The only time I've seen that happen was with a guy in a Subaru Outback. Luckily, I was on the side of him, but he had a Thule cargo box up top and that thing just flipped off nearly causing about 3 accidents behind him. I don't think his roof rack gave out and more than likely the mounting brackets.


----------



## Crankyone (Dec 8, 2014)

*Yack yack yack*



Shakester said:


> The only time I've seen that happen was with a guy in a Subaru Outback. Luckily, I was on the side of him, but he had a Thule cargo box up top and that thing just flipped off nearly causing about 3 accidents behind him. I don't think his roof rack gave out and more than likely the mounting brackets.

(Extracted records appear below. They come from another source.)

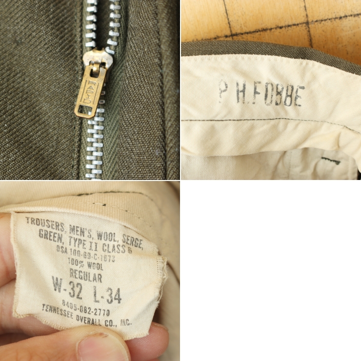 60s U.S.ARMY ウールパンツ TROUSERS MENS WOOL SERGE GREEN TYPE2 CLASS6 ミリタリー W32 スラックス 実品 アメリカ古着
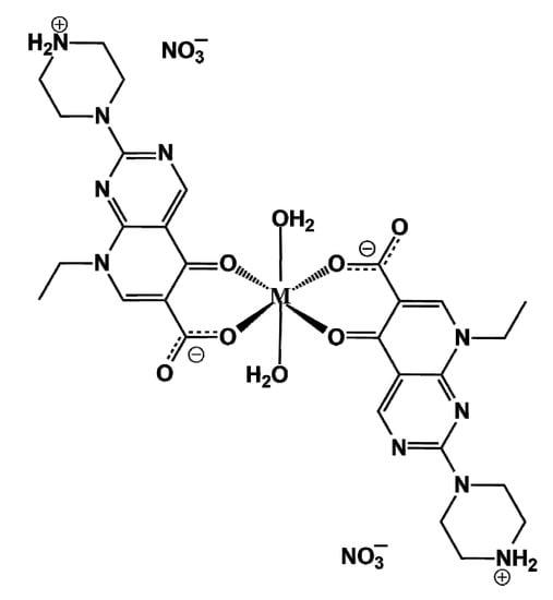 - Efthimiadou, E.K.; Sanakis, Y.; Katsaros, N.; Karaliota, A.; Psomas, G. Transition metal complexes with the quinolone antibacterial agent pipemidic acid: Synthesis, characterization and biological activity. Polyhedron 2007, 26, 1148–1158. [Google Scholar] [CrossRef]
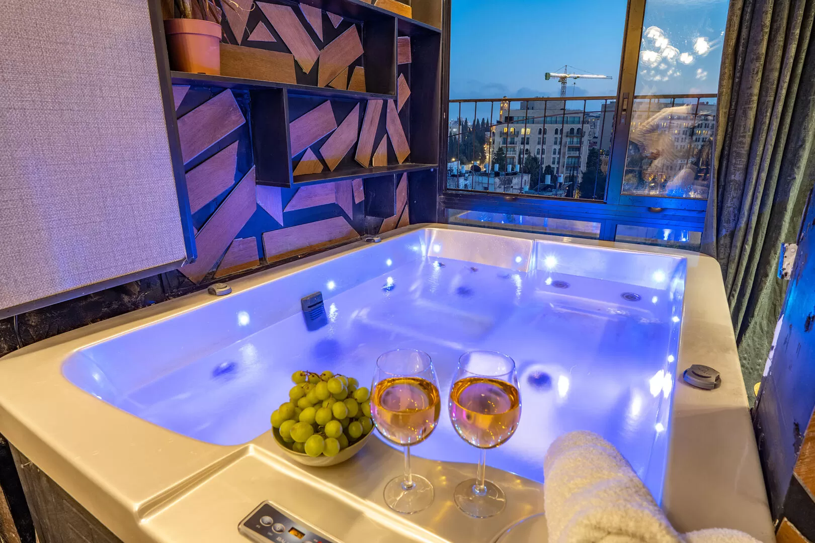 קשה להתעלם מהג'קוזי הגדול שממוקם מול הוויטרינה וצופה אל הנוף הירושלמי, ובאחת הסוויטות תמצאו בסמוך אליו גם ערסל מעוצב וכיפי.
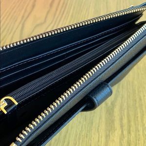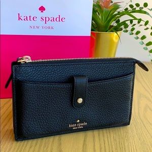 Kate spade small black crossbody bag. This minimal bag measures just 8 inches by 5 inches by 1 1/2 inches. It has a detachable strap so it can be used as a wallet or clutch. But don’t be fooled by the compact size. This elegant design features:
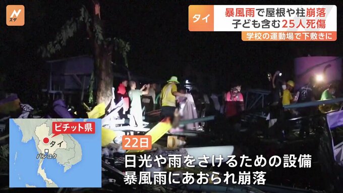 タイ北部ピチット県の学校で22日、運動場に設けられた日光や雨をさけるための設備が暴風雨にあおられ崩れ落ちました。地元メディアによりますと、6歳から13歳までの子ども4人のほか、教員や保護者ら3人が屋根や柱…
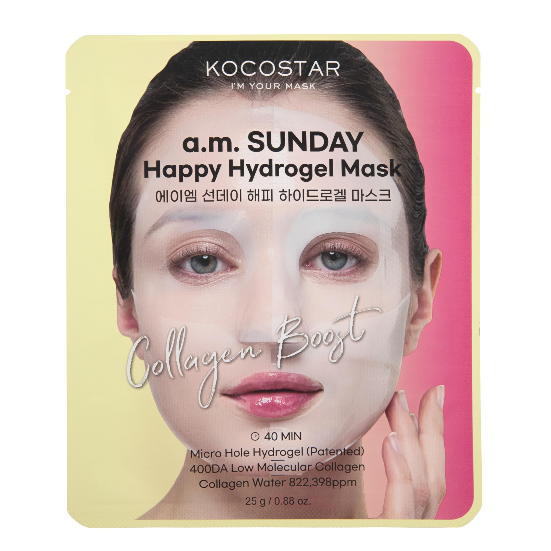 KOCOSTAR Happy Masque Hydrogel - 40 Min. Raffermissant Coréen Face Mask Sheet pour Femmes avec de l'eau de collagène Extrait - Hydratant Collagène Soins du Visage - A.M. SUNDAY (1 Feuille)
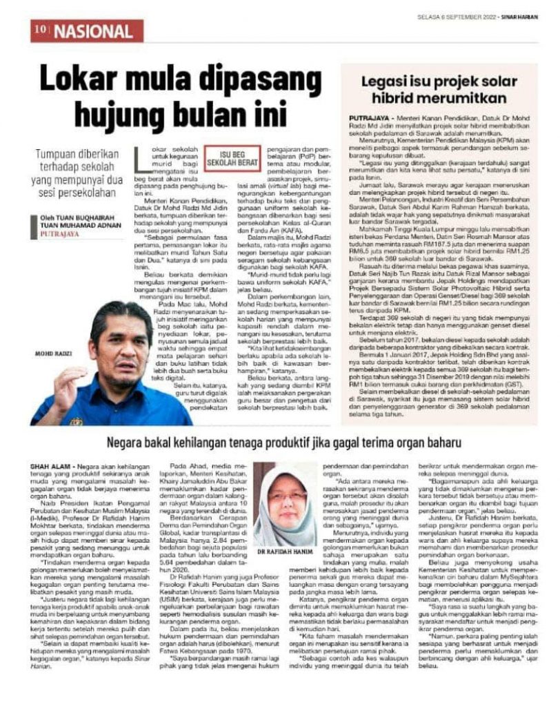SHAH ALAM – Negara akan kehilangan tenaga yang produktif sekiranya anak muda yang mengalami masalah kegagalan organ tidak berjaya menerima organ baharu. Naib Presiden Ikatan Pengamal Perubatan dan Kesihatan Muslim Malaysia (I-Medik), Profesor Dr Rafidah Hanim Mokhtar berkata, tindakan menderma organ selepas meninggal dunia atau masih hidup dapat memberi sinar baharu kepada pesakit yang sedang
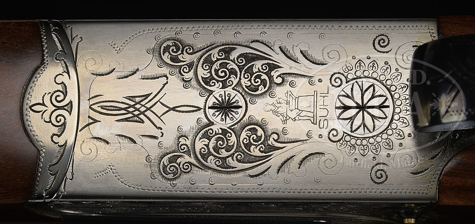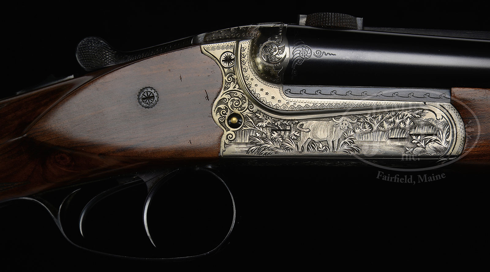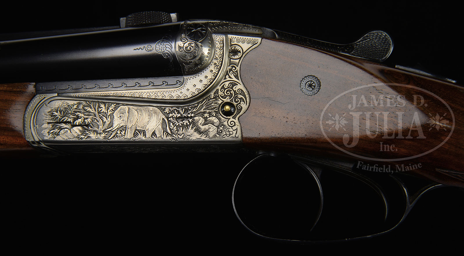 *MERKEL MODEL 140-2.1 DANGEROUS GAME DOUBLE RIFLE WITH CASE.SN A500031. Cal. 500 Nitro. 23-1/2″ Shoe lump bbls fitted with matted full length rib, central portion cut away forming quarter rib and front ramp. Rear portion has one standing, one folding leaf rear sight, and is fitted with claw scope bases. Bbl flats are stamped with SN, caliber and 2009 nitro proofs. Coin finished ogee backed action with non-automatic safety features crossbolt third fastener, bushed strikers, side clips, pin type cocking indicators, and dbl triggers. Action is engraved with stamped geometric borders and shaded scroll surrounding African game scenes on sides; elephant on left, and cape buffalo on right. Nicely figured dense European walnut capped pistol grip buttstock measures 15″ over brown Decelerator pad, and features right hand cheekpiece, point pattern checkering, and has been fitted with mercury recoil reducer. Matching splinter forend has Deeley type release. Drop at heel: approx 3″, drop at comb: approx 2″. Cast about 1/2 off. Weight: 10 lbs. 8 oz. LOP: 15″. Rifle comes in pebbled green vinyl brown leather trimmed case by Emmebi lined in green velvet with leather Merkel label in lid. Case contains a pair of claw rings (which fit rifle). CONDITION: Excellent, close to new, with scant evidence of having been fired, a few light marks on stocks. Case is fine, interior reconfigured. This model currently retails at approx $15000.00. 52720-1 MGM (6,000-9,000) – Lot 1712
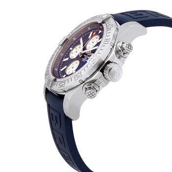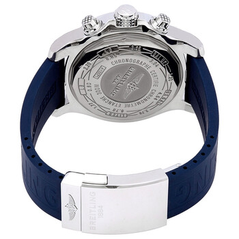 Silver-tone stainless steel case with a blue rubber strap. Uni-directional rotating silver-tone stainless steel bezel. Mariner blue dial with luminous silver-tone hands and index hour markers. Minute markers. 1/100 second markers around the outer rim. Dial Type: Analog. Luminescent hands and markers. Date display at the 3 o'clock position. Chronograph - three sub-dials displaying: 60 second, 30 minute and 12 hour. Breitling Calibre 13 Automatic movement, based upon ETA Valjoux 7750, containing 25 Jewels, bitting at 28800 vph, and has a power reserve of approximately 42 hours. Scratch resistant sapphire crystal. Screw down crown. Solid case back. Round case shape, case size: 48 mm, case thickness: 17.75 mm. Band width: 24 mm. Deployment with push button release clasp. Water resistant at 300 meters / 1000 feet. Functions: chronograph, date, hour, minute, second. Super Avenger II Series. Luxury watch style. Watch label: Swiss Made. Breitling Super Avenger II Chronograph Automatic Men's Watch A13371111C1S1.
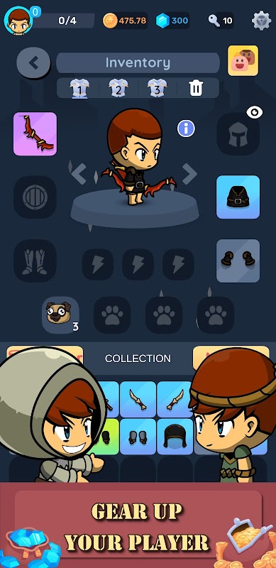 💍 Gear Upgrades & Evolution: Loot gems and coins from fallen enemies and upgrade your gear to new heights. Craft and evolve equipment beyond its limits, unlocking legendary stats and cool new looks for your hero. Every piece of loot can become a game-changer with enough upgrades (yes, that means endless progression!).
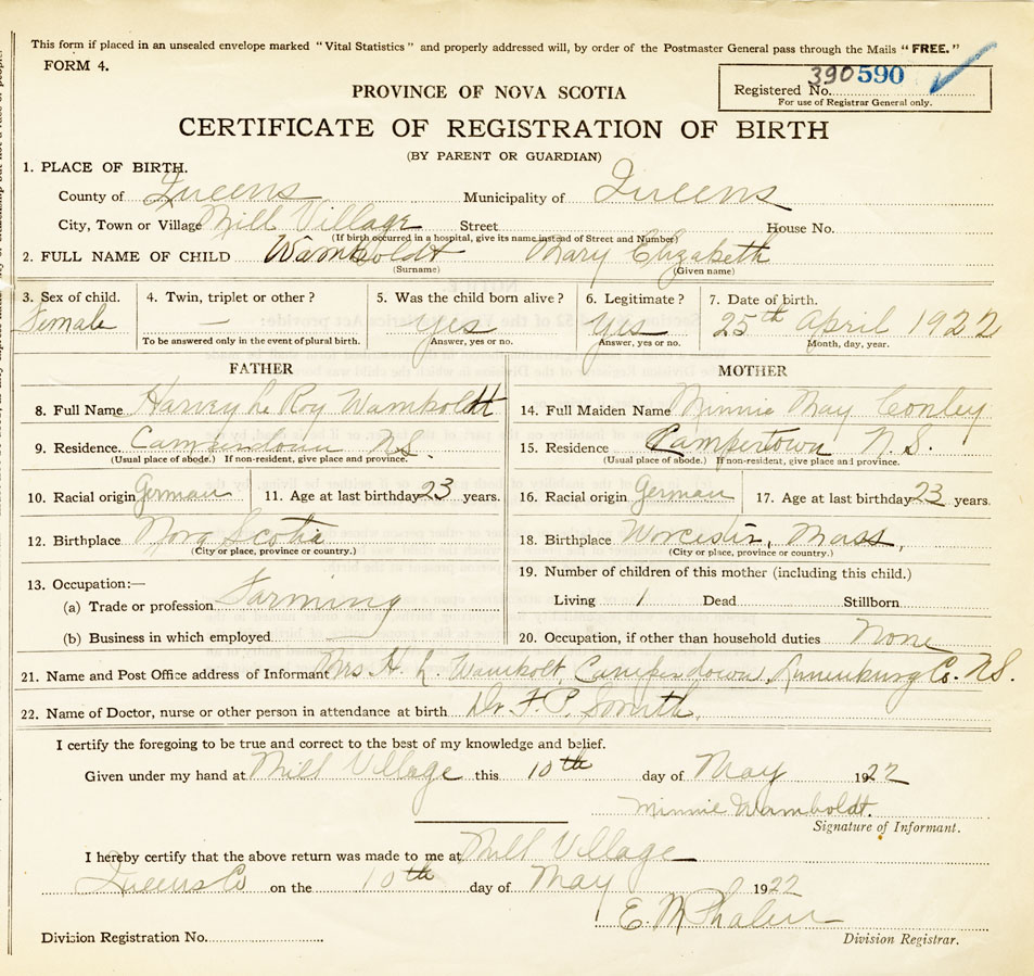 21. Name and Post Office address of Informant Mrs. H. L. Wambolt (sic) Camperdown, Lunenburg
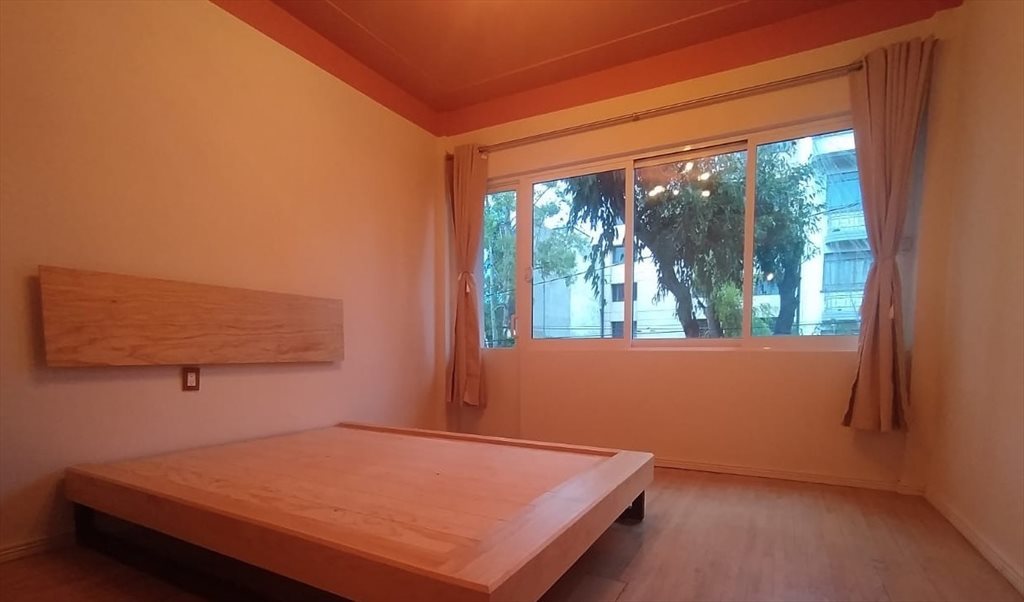 Departamento con Techos altos, espacios amueblados. La recámara cuenta con cama matrimonial, cabecera, pequeña cómoda, 2 burós, clóset amplio, balcón privado. Compartirás los espacios con 2 jóvenes roomies Profesionistas (Hombre-Mujer) en un ambiente ordenado, tranquilo, con sana convivencia. Tenemos una mascota pequeñita, muy disciplinada y limpia. Si deseas conocer el Depa y la habitación, mándanos mensaje o Whatssap.
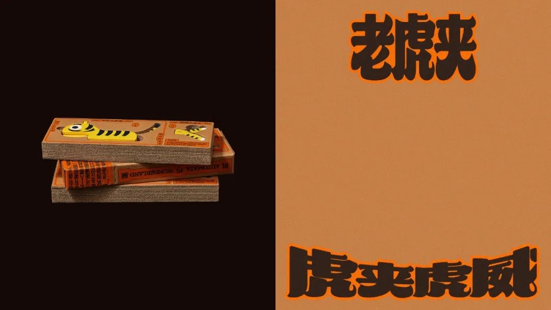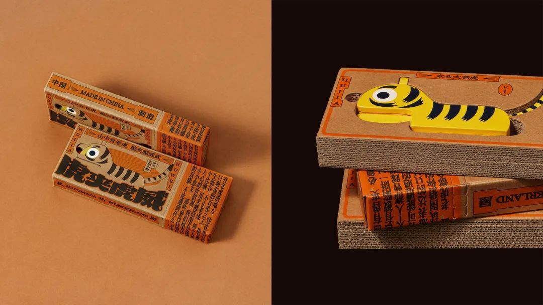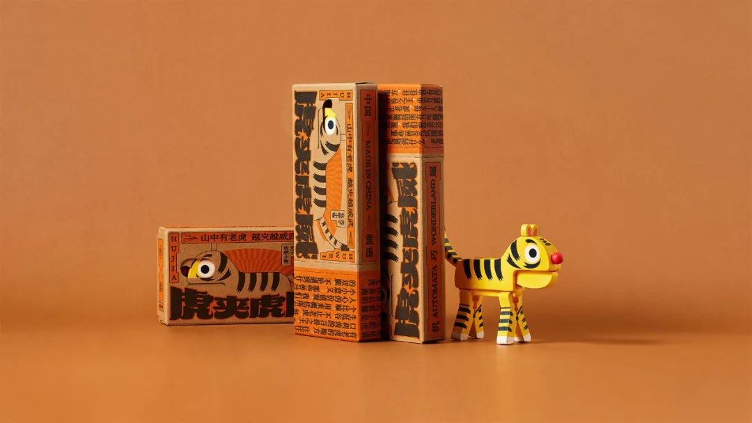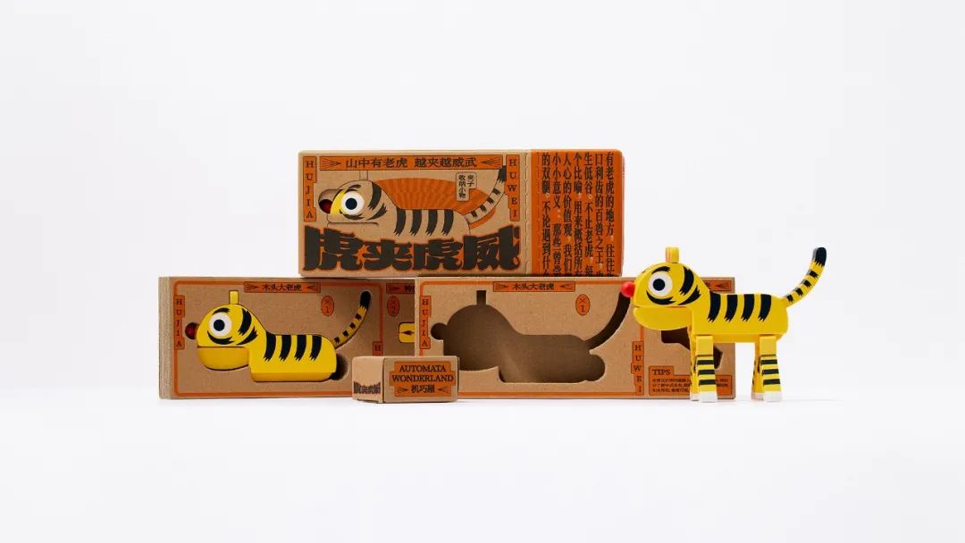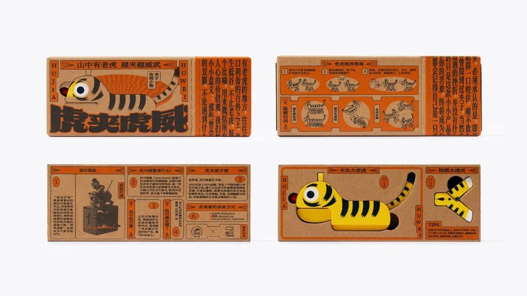 虎夹虎威玩具包装的灵感来自创作者俞宸睿的机巧装置作品《武松打虎》,它像是一盒复古连环画套装,充满了趣味和传统故事的年代感。

I just went across Wyoming on Monday and it was blowing fierce. Blowing 35+ in rock Springs with hail. Wyoming always provides plenty of drama. Pleasant weather for sure. 
I came prepared to mount my bike on top or on the hitch rack. Good thing, as I had broken the lockjaw on top trying to get into Steamboat Spgs via Buffalo Pass. That is one rough cob of a road but a beautiful drive. Finally flagged down a forest ranger to see how to get over the pass and she got a laugh about me following Google instructions on the back roads of Colorado. She did omit the fact that the last 14 miles was full of boulders and man eating pot holes. I got into it about 2 miles when my bike swung down by my window hanging by the ratcheting wheel straps to say halloo! I strapped it on the back and continued the painful drive into town.


----------